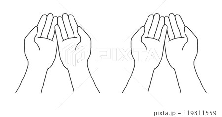 差し出す両手の線画イラスト 重なりあり 白背景あり・なし
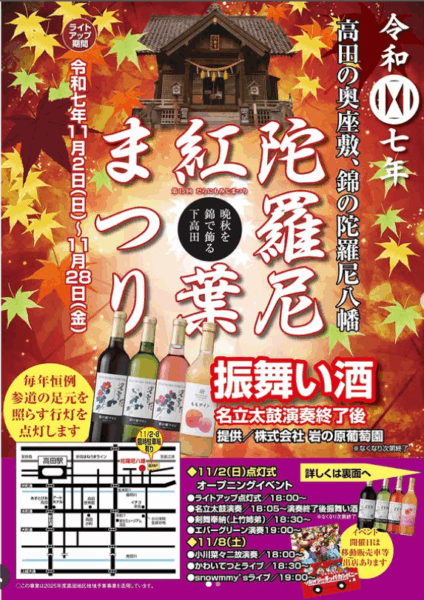 高田の新風物詩、陀羅尼紅葉まつりの季節が今年もやってまいりました。11月2日(日)〜11月28日(金...
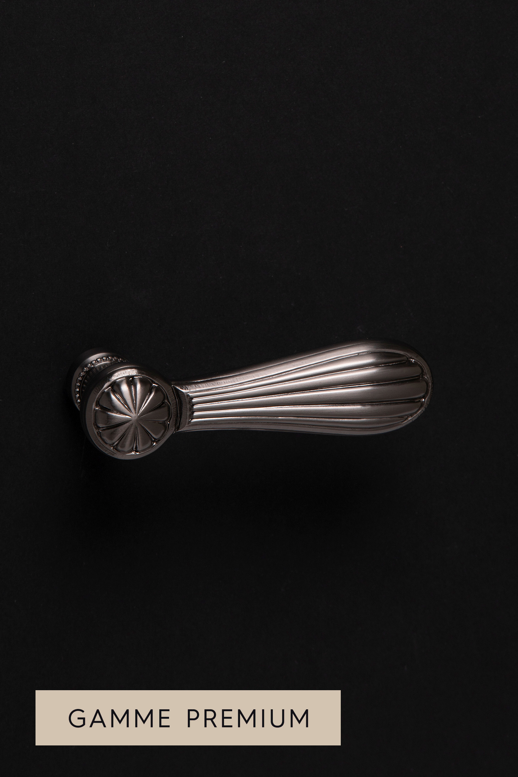 Béquille de style Renaissance, la base est une rosace « inspiration marguerite » et la poignée est habillée de godrons en relief.
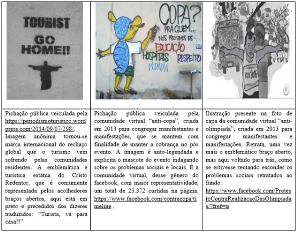Em 2 de outubro de 2009, na sede do Comitê Olímpico Internacional em Copenhagen, o presidente dos Estados Unidos da América e o presidente do Brasil (junto com toda uma comitiva nacional) duelaram publicamente para captar os Jogos Olímpicos 2016. O Brasil venceu, endossando a política nacional de turismo (BRASIL, 2010) explicitamente embasada em sediar megaeventos. Sendo que essa medida, que vinha aparecendo como contentamento geral, apresentou conflitoscomo mostra o quadro 1, os exemplos de redes físicas e virtuais das comunidades sedes, esboçando descontentamento com essa política de turismo.:

What is needed — Everything above from the line containing "高田の新風物詩、陀羅尼紅葉ま" through the line containing "Béquille de style" must be repeated exactly, and the pictures must be left out.

Result —
 高田の新風物詩、陀羅尼紅葉まつりの季節が今年もやってまいりました。11月2日(日)〜11月28日(金...
 Béquille de style Renaissance, la base est une rosace « inspiration marguerite » et la poignée est habillée de godrons en relief.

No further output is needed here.